We enforce bag naming conventions because when we untar bags in a staging area to validate their contents, we don't want bags untarring to the same directory and overwriting each other.

NAME OK? Comment
photos.tar No Institution name is missing.
ncsu.photos.tar Yes* Should untar to a directory called ncsu.photos
ncsu.edu.photos.tar Yes* Should untar to a directory called ncsu.photos
ncsu.edu.photos.b1.tar No Should be b01.of10, assuming there are 10 parts to this bag.
ncsu.edu.photos.b01.of10.tar Yes Note the dot before "of10", and note that ".tar" comes at the end.

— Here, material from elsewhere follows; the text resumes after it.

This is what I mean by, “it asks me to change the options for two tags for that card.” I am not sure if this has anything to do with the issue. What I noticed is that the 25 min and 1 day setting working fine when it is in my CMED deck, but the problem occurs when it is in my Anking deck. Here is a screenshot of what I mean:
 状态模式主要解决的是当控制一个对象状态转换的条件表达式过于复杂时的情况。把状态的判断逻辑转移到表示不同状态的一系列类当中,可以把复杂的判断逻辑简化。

Because early versions of this document were unclear, some institutions uploaded bags with names like "institution.bag.tar" while others used "institution.edu.bag.tar," and the system accepted both naming schemes. The system will continue to accept both naming schemes, but for the sake of consistency, and to simplify your internal processes, you should stick with one or the other.

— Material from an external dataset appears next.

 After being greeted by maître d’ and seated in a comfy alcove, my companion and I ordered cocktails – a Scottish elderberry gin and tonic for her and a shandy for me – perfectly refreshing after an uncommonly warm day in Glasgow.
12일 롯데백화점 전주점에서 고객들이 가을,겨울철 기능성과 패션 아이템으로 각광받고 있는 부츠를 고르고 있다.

How Bag Names Become Object Names

On ingest, APTrust assigns an AIP (Intellectual Object) name to each bag using the following pattern:

institution_domain + '/' + bag name

For example, when APTrust ingests a bag from the University of Virginia called virginia.edu.Jefferson_Collection.tar, the intellectual object (AIP) name will be virginia.edu/virginia.edu.JeffersonCollection.

Bag Size Limits

As of January 30, 2017, the production repository will accept bags up to 5TB in size (5 TB in binary notation (tibibyte) is 5497558138880 bytes).

The demo repository accepts bags up to 100MB in size.

File and Directory Names

  • File and Folder names must follow POSIX conventions:
  • Contain upper or lower case letters, numbers, dots, underscores, percent signs, or dashes. (A–Z a–z 0–9 . _% -)
  • May contain virtually any printable character, except newlines, carriage returns, tabs, vertical tabs and ASCII bells. (As of 1/30/2017)
  • Are considered case sensitive.
  • MUST not begin with a dash. (-)
  • MUST not contain whitespaces
  • May contain whitespaces. (As of 1/30/2017)
  • Restricted to 255 characters in length including extension.
  • MUST be at least 1 character in length.

Other Considerations to be aware of: Generic Files in APTrust are referenced by their URI, which is the original filepath relative to the bag. This will support atomistic updating of items in the future. File and folder names should be unique across multi-part bags to make sure all items are processed and not treated as a file update. Though APTrust does not currently version files, you can easily create item versions in APTrust by writing files to a bag using the datetime stamp in the filename. File and Folder names are treated as case sensitive for processing purposes.

Bag Structure

Bags must have the following structure. Items in bold are required. Others are optional. Additional notes appear below. Note the new rules on manifests!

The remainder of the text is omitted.